- PROBLEM STATEMENT -
Please transcribe the data below in full. Omit any picture you find in it.

- GIVEN MATERIAL -

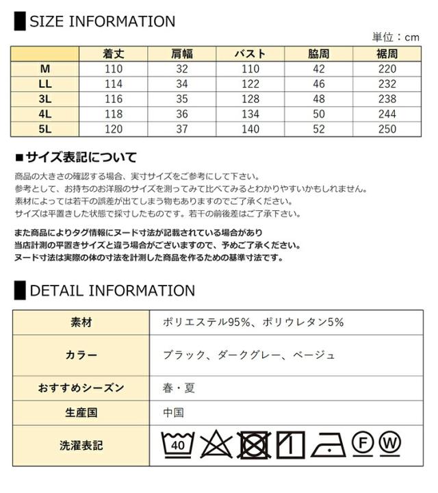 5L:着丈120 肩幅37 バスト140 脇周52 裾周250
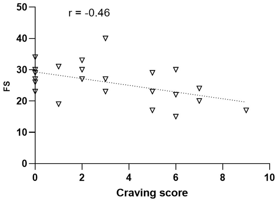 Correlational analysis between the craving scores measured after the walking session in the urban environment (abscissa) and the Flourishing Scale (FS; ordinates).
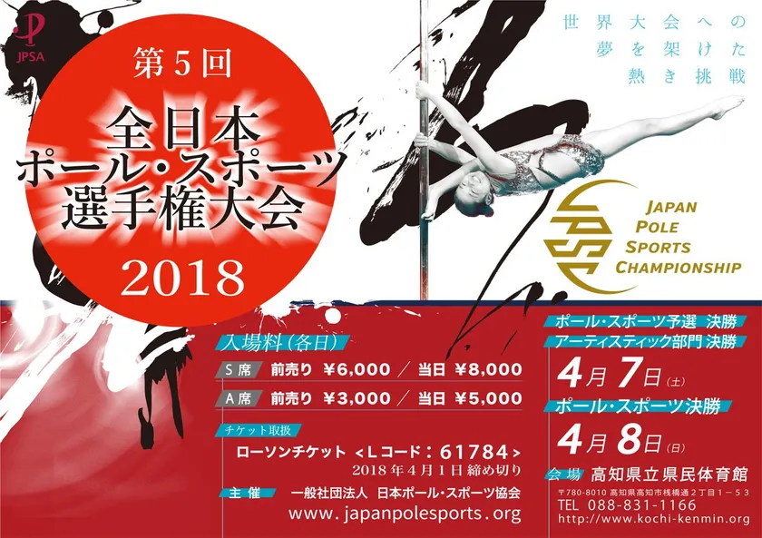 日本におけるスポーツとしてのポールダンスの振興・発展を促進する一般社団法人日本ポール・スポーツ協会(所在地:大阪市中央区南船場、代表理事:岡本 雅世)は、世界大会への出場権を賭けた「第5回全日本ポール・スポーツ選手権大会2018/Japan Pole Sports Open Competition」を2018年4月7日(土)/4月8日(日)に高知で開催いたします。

- RESULT BELOW -
 5L:着丈120 肩幅37 バスト140 脇周52 裾周250
 Correlational analysis between the craving scores measured after the walking session in the urban environment (abscissa) and the Flourishing Scale (FS; ordinates).
 日本におけるスポーツとしてのポールダンスの振興・発展を促進する一般社団法人日本ポール・スポーツ協会(所在地:大阪市中央区南船場、代表理事:岡本 雅世)は、世界大会への出場権を賭けた「第5回全日本ポール・スポーツ選手権大会2018/Japan Pole Sports Open Competition」を2018年4月7日(土)/4月8日(日)に高知で開催いたします。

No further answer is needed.